It’s been a while since I shared a post, I think I’ve forgotten how to start these things. Let’s cut to the chase.

One day, out of boredom, I was auditing the urllib3 codebase. At the time, I was also experimenting with integrating LLMs into my Vulnerability Research workflow (I might write a separate post about that later). As you might expect when analyzing an HTTP client library, I decided to focus my research on how the client parses responses. I was hunting for faulty parsing logic, perhaps a crash or a state inconsistency.

Since LLMs have limited context windows, I directed the agent specifically toward the code responsible for parsing response headers to keep the scope manageable. Supporting my initial hypothesis, the agent generated an alert regarding unchecked chunk sizes in HTTP responses containing the Transfer-Encoding: chunked header.

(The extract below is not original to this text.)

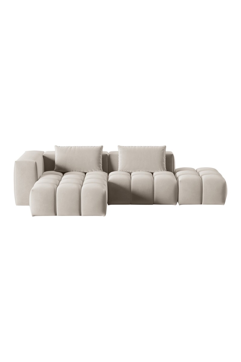 Canapé d'angle gauche modulaire Lorella - Beige clair - 4 places - Revêtement en velours

I then manually dug into the header parsing code. Believing I had identified the root cause, I reported the vulnerability to the urllib3 maintainers (even though I explicitly noted in the report that the execution flow passed through the http.client._safe_read() function…). At this point, urllib3 maintainer Illia was incredibly helpful with the root-cause analysis. You can read the full story here.

I then submitted the vulnerability to CPython. They released a fix within a surprisingly short time about two weeks but informed me that they had actually been aware of this problem for a long time (Approx. 1+ year :). Therefore, full credit goes to whoever originally found it. Let’s just say it was another ‘duplicate’ experience to add to my collection.

Vulnerability Analysis

The crash occurs because urllib3 relies on http.client for reading the response body.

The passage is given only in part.